Gluecifer is a Norwegian hard rock band based in Oslo. Formed in 1994, they produced several underground releases during their first years of existence and soon claimed to be "kings of rock".

History 
In 1997, the album Ridin' the Tiger (released on record label White Jazz) provided an artistic and commercial breakthrough and placed Gluecifer along Hellacopters from Sweden at the forefront of the Scandinavian hard rock wave of the late 1990s. Basement Apes, their fourth album, saw them signing with Sony Music, and Automatic Thrill became their biggest-selling record to date.

The band played at the 2004 Quart Festival as warmup for Monster Magnet.

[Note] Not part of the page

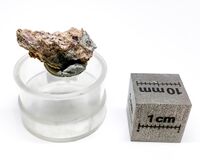 Коллекция Систематическая коллекция, №92952. Голубовато-серые зерна осумилита-(Mg) размером до 0,5мм в вулканической породе Длина экспоната 1.5 см.Размер минерала 0.01 см.

In July 2005, the band announced their break-up.

Gluecifer counted as one of the most successful rock bands of Norway.

To the Norwegian Film Izzat Gluecifer contributed the Song Desolate City. The song was released on the compilation Kings of Rock – B-Sites and Rarities in 2008.

In 2006, Captain Poon started his new band Bloodlights.

In the film The Social Network the song Black Book Lodge can be heard as a part of the soundtrack.

On 9 October 2015, all regular studio albums by Gluecifer were re-released on Captain Poon's own label Konkurs Productions as LPs.

In 2016, Captain Poon was on tour as guitarist in Marky Ramone's Blitzkrieg.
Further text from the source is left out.